TASK INSTRUCTIONS
Take from the entries below the stretch from the line with "青科大高分子学院导师招生啦!🎓 👨🏫 导师简介博士毕业于中科院宁波材料所,香港大学博士后经历;" through the line with "Lucas half bei", and return it exactly, leaving the pictures out.

EXERCISE INPUT
------------------------------------

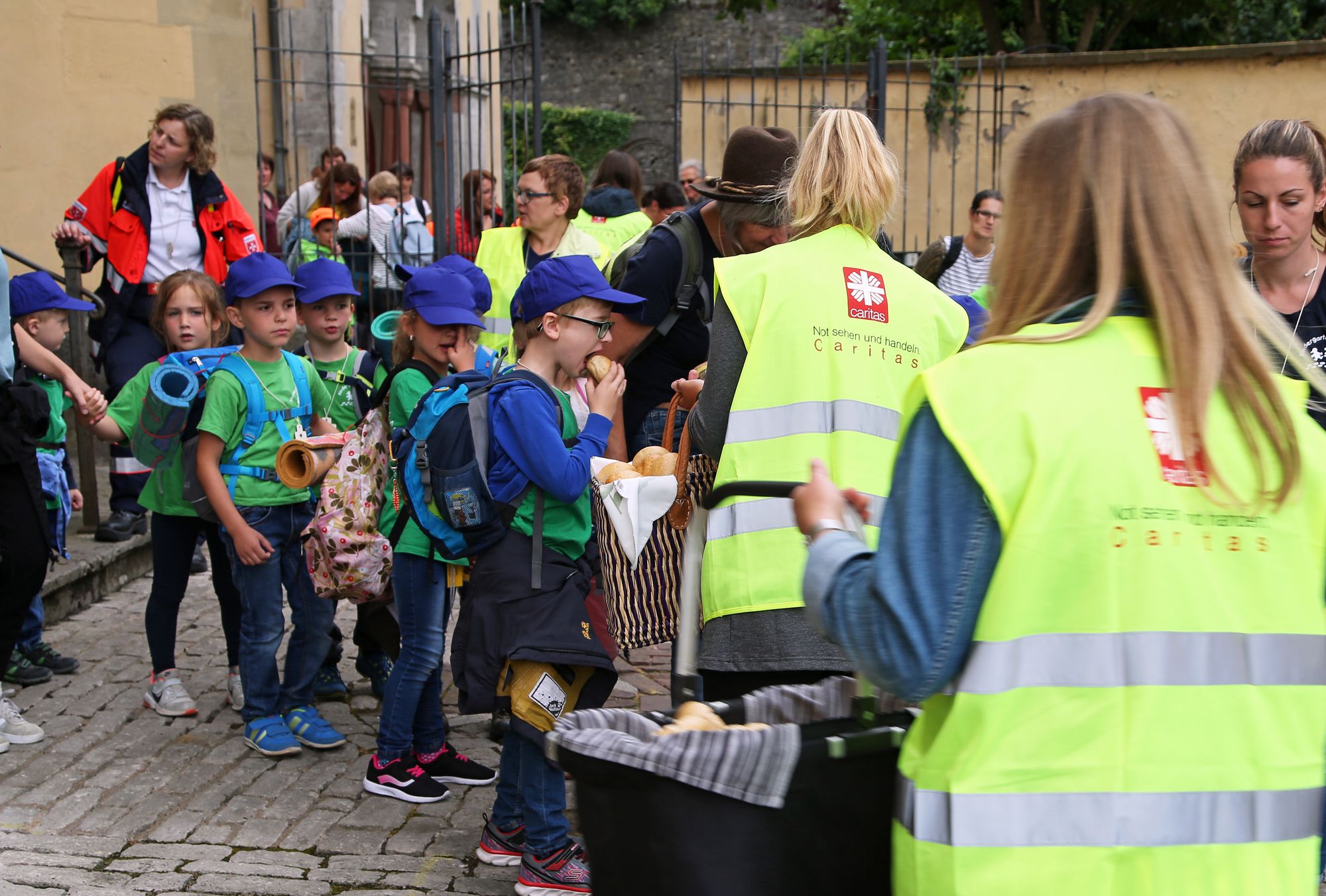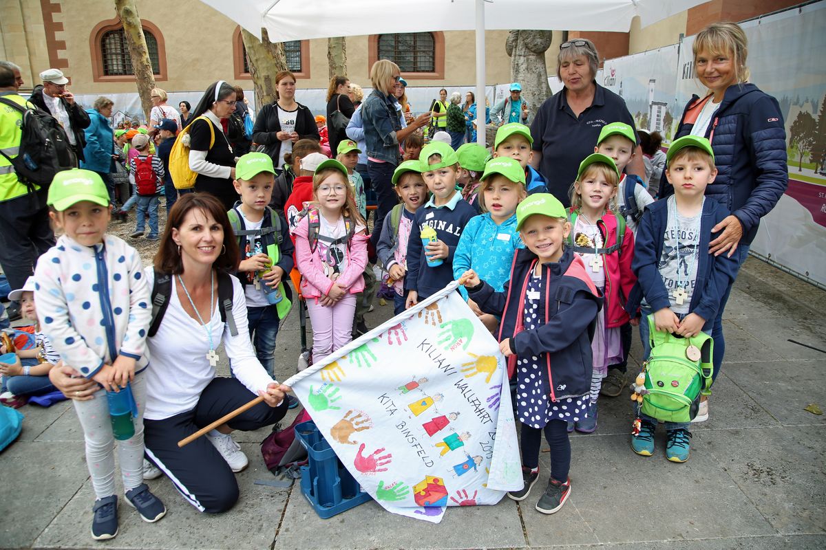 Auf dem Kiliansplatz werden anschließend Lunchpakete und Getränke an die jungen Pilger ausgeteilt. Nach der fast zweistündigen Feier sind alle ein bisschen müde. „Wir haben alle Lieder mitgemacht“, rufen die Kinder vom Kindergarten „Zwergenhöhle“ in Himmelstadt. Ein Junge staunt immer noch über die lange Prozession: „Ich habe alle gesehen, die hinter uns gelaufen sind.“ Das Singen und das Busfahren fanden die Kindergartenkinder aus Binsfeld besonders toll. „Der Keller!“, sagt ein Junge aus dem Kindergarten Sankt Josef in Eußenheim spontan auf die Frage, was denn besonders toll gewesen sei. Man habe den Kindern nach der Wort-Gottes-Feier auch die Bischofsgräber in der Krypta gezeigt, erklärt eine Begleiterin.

------------------------------------

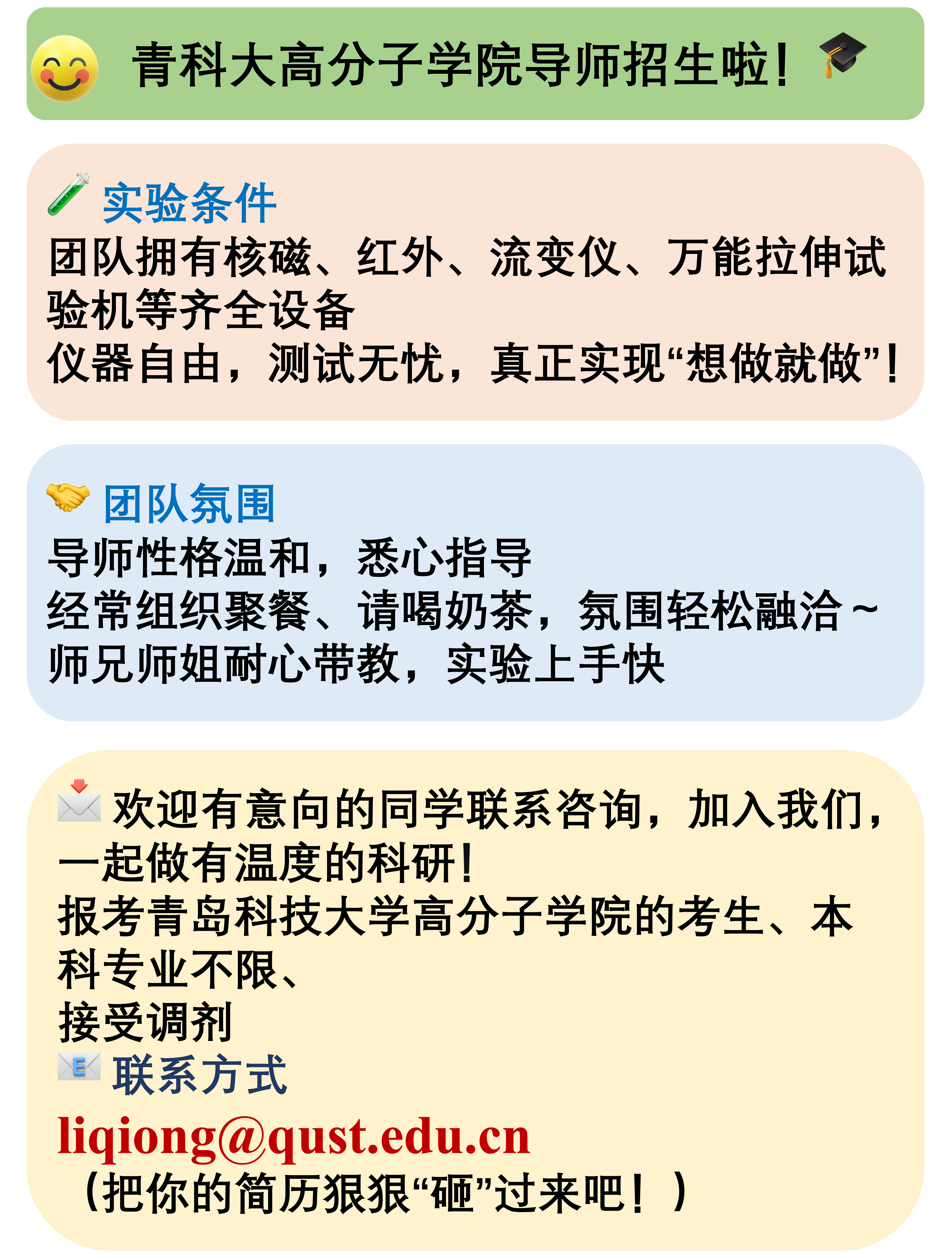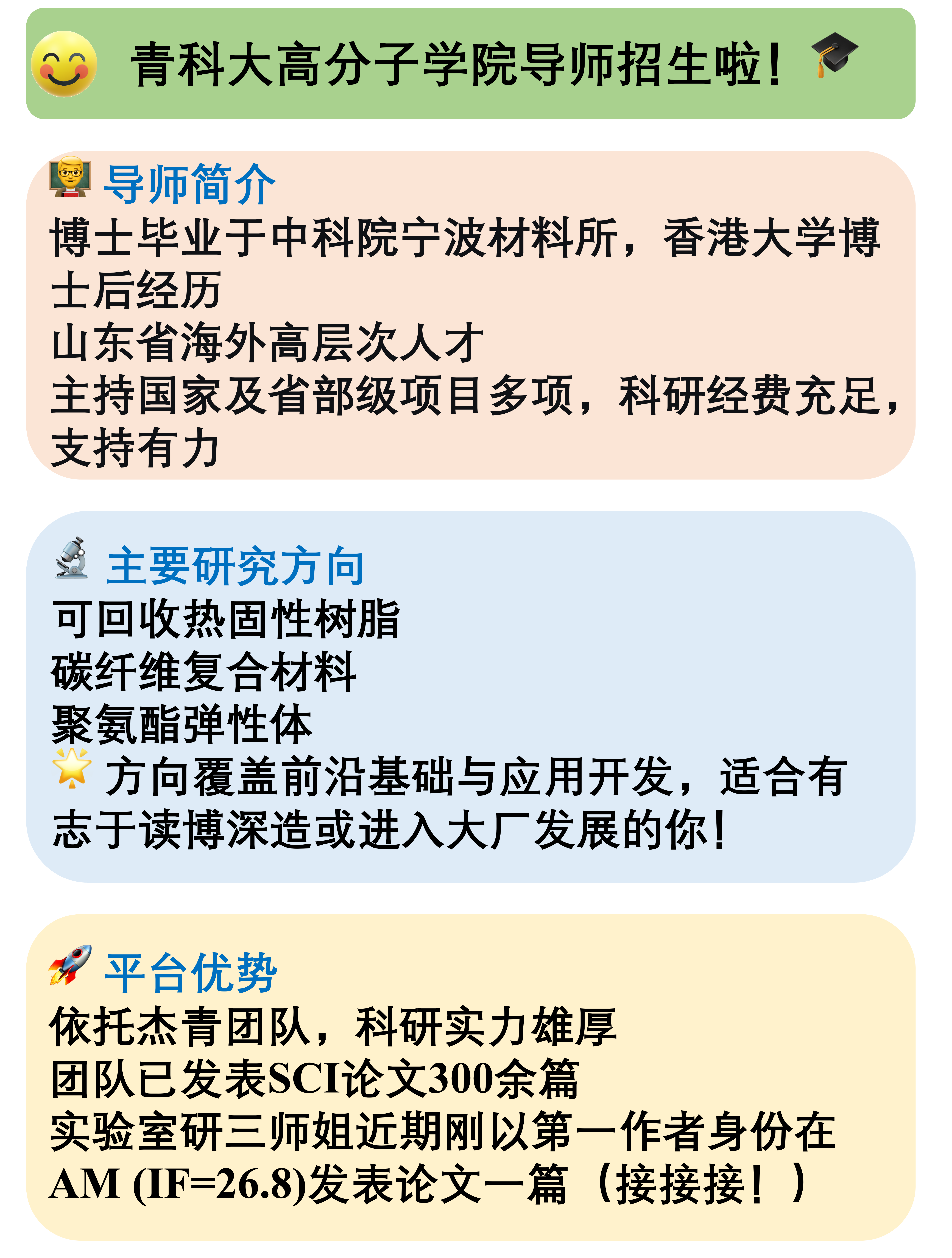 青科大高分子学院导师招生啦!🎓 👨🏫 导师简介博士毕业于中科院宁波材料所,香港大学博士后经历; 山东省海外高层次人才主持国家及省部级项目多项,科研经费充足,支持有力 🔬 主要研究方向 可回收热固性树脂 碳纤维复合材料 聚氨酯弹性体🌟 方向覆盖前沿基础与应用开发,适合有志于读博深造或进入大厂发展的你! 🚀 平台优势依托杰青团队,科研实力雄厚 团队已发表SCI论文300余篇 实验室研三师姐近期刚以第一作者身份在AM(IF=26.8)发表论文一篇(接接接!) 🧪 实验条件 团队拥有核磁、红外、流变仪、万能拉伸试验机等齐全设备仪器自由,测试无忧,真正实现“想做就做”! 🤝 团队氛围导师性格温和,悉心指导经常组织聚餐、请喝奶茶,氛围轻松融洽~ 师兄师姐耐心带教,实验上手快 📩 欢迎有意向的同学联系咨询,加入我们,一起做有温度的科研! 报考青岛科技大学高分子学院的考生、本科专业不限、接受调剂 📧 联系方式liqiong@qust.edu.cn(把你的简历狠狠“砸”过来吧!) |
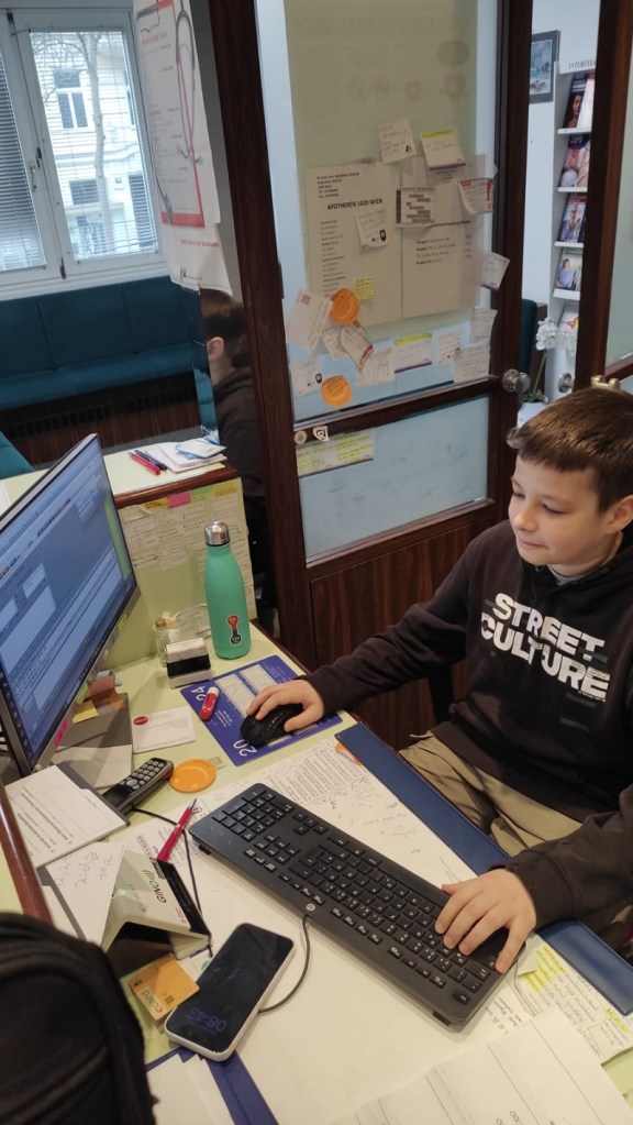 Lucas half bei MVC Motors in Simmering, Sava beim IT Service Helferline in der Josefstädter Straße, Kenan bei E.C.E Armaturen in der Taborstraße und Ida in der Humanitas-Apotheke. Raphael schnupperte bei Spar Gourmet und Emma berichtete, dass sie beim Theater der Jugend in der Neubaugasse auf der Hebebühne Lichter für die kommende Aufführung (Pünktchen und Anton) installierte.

------------------------------------

SOLUTION FOR THIS PROBLEM
 青科大高分子学院导师招生啦!🎓 👨🏫 导师简介博士毕业于中科院宁波材料所,香港大学博士后经历; 山东省海外高层次人才主持国家及省部级项目多项,科研经费充足,支持有力 🔬 主要研究方向 可回收热固性树脂 碳纤维复合材料 聚氨酯弹性体🌟 方向覆盖前沿基础与应用开发,适合有志于读博深造或进入大厂发展的你! 🚀 平台优势依托杰青团队,科研实力雄厚 团队已发表SCI论文300余篇 实验室研三师姐近期刚以第一作者身份在AM(IF=26.8)发表论文一篇(接接接!) 🧪 实验条件 团队拥有核磁、红外、流变仪、万能拉伸试验机等齐全设备仪器自由,测试无忧,真正实现“想做就做”! 🤝 团队氛围导师性格温和,悉心指导经常组织聚餐、请喝奶茶,氛围轻松融洽~ 师兄师姐耐心带教,实验上手快 📩 欢迎有意向的同学联系咨询,加入我们,一起做有温度的科研! 报考青岛科技大学高分子学院的考生、本科专业不限、接受调剂 📧 联系方式liqiong@qust.edu.cn(把你的简历狠狠“砸”过来吧!) |
 Lucas half bei MVC Motors in Simmering, Sava beim IT Service Helferline in der Josefstädter Straße, Kenan bei E.C.E Armaturen in der Taborstraße und Ida in der Humanitas-Apotheke. Raphael schnupperte bei Spar Gourmet und Emma berichtete, dass sie beim Theater der Jugend in der Neubaugasse auf der Hebebühne Lichter für die kommende Aufführung (Pünktchen und Anton) installierte.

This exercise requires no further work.